* _ASSIGNMENT_: Using the listing below, please gather every line containing the word "Garden".

* _PROVIDED DATA_:
┄┄┄┄┄┄
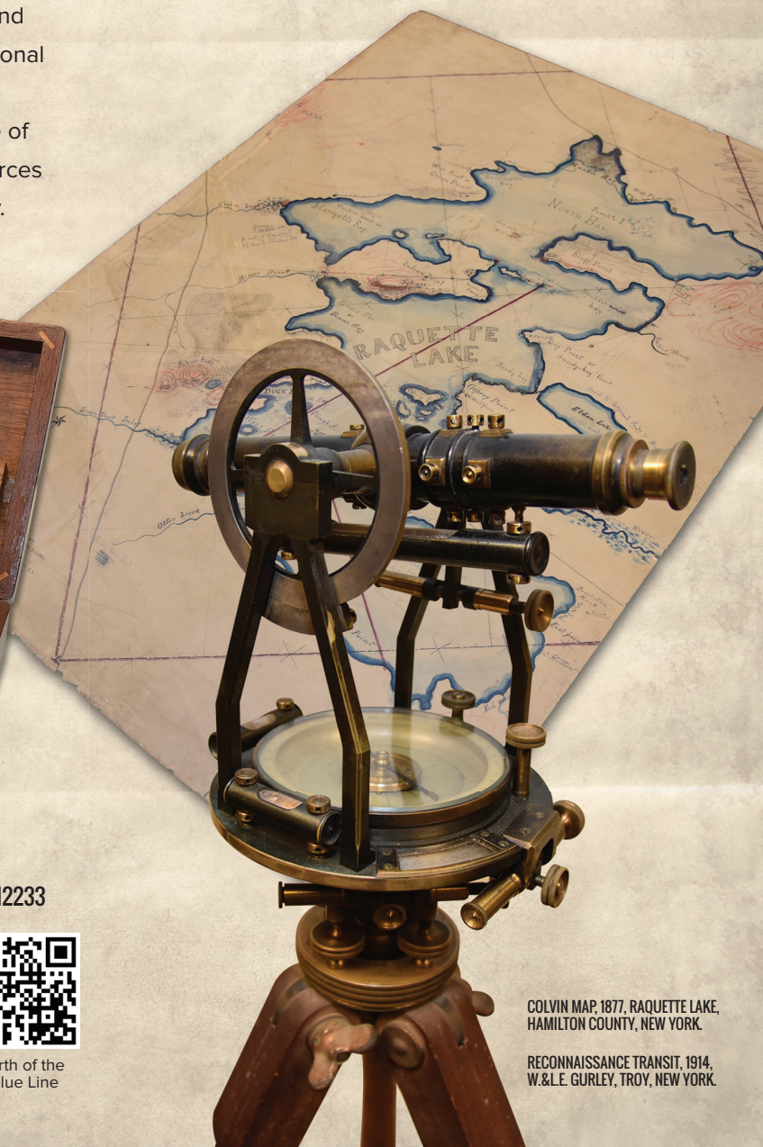
COLVIN MAP, 1877, RAQUETTE LAKE, HAMILTON COUNTY, NEW YORK.
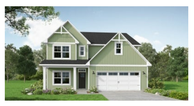
ARCHIVED 07/07/2022 - Elevation F
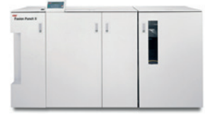
GBC® FusionPunch® II

The GBC FusionPunch II prepares documents for coil binding by punching and stacking a wide range of stocks with the speed, quality and reliability you need for high-volume production. This inline punch solution features an outstanding paper handling system that maximizes uptime and reduces skewing with remarkably consistent registration. It even handles challenging jobs with intermixed stocks, index tabs and lighter stocks that have traditionally been difficult to finish.
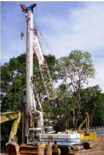
Soilmec R618 #1052
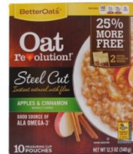
MOM Brands Apple & Cinnamon Instant Oatmeal with Flax
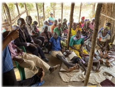
Preaching at another Church
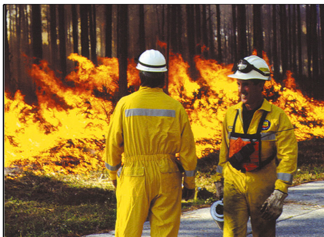
Figure 5. Prescribed fires are managed and controlled.

you can do a variety of other things near your home to increase your protection from wildfire. Just as coastal residents prepare for hurricane season, you should prepare for wildfire seasons (See Figure 5).
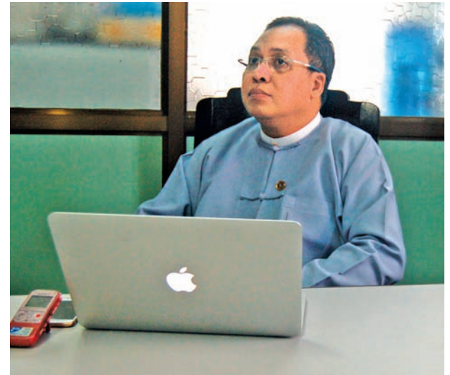
Special economic zone management committee chairman U Set Aung.

system to be applied by the SEZ allows the government to levy all kinds of taxes that would otherwise be lost outside the SEZ, including trading taxes, value taxes and council taxes. Companies prefer the system as it collects taxes more transparently and recognizes taxpayers, the chairman said.
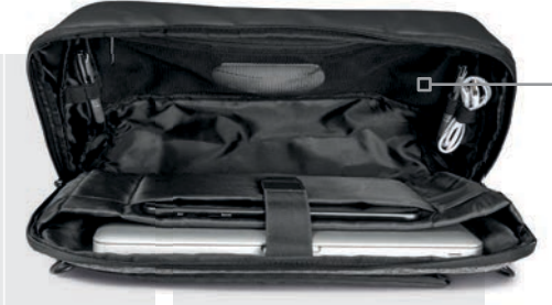
PADDED INTERIOR LAPTOP, TABLET & ACCESSORY POCKETS
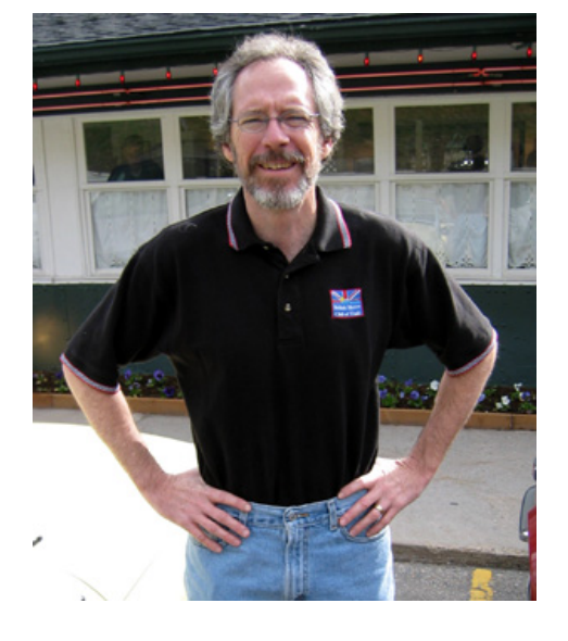
Is this the best model you could find?
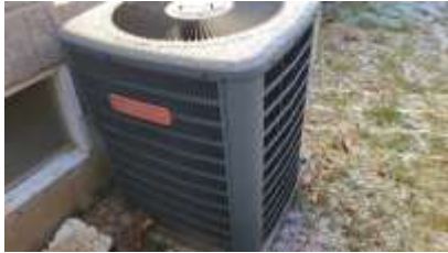
Pic. 4: AC unit 2010
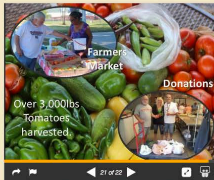
Turner Community Garden from Cheryl Boyer

Turner Community Garden in Wyandotte County
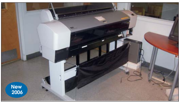
Kodak Matchprint/Epson Stylus Pro 9800 Proofer

Phone System: Avaya Merlin Magic Phone System WITH Approximately (25) Phone Sets
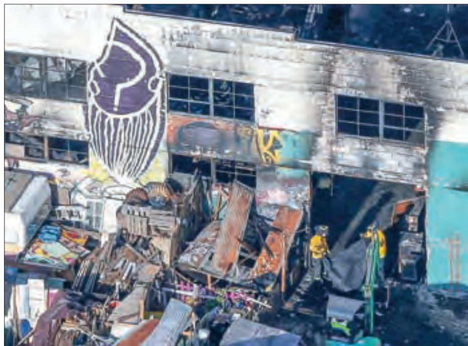
Firefighters work inside the burned warehouse following the fatal fire in the Fruitvale district of Oakland, California, US on 4 December 2016.

Mayor Libby Schaaf said the Alameda County District Attorney's Office activated its criminal investigation team at the fire scene. A representative of the prosecutor's office is monitoring the recovery process, she said, adding she was not authorised to say if a criminal probe was under way.
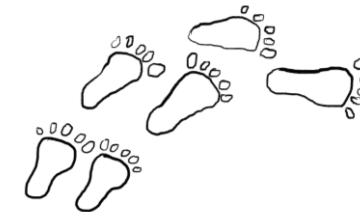
Small circle-shaped footprints
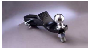
Ball Mounts $65 Parts Only MSRP**
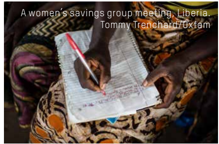
A women's savings group meeting, Liberia.

You are developing a system for monitoring the impact of an aid programme in a highly insecure location.
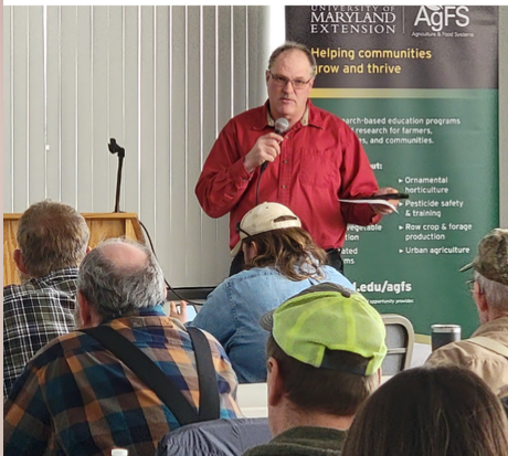
HAY & PASTURE CONFERENCE

Recently Maryland-Delaware Forage Council partnered with University of Maryland Extension to deliver local farmers the Annual Hay & Pasture Conference. University of Maryland Extension hosted the Western Maryland Agronomy Meeting. These workshops provided an overview regarding pesticide record keeping and storage, personal protection, native warm-season grasses, pasture systems for smaller farms, timothy as an annual forage to name just a few topics. Farmers were able to obtain Private Applicator Pesticide and Nutrient Applicator Vouchers and Consultant recertification credits for attending.
┄┄┄┄┄┄
* _RESULT FOR THIS EXERCISE_:
Turner Community Garden from Cheryl Boyer
Turner Community Garden in Wyandotte County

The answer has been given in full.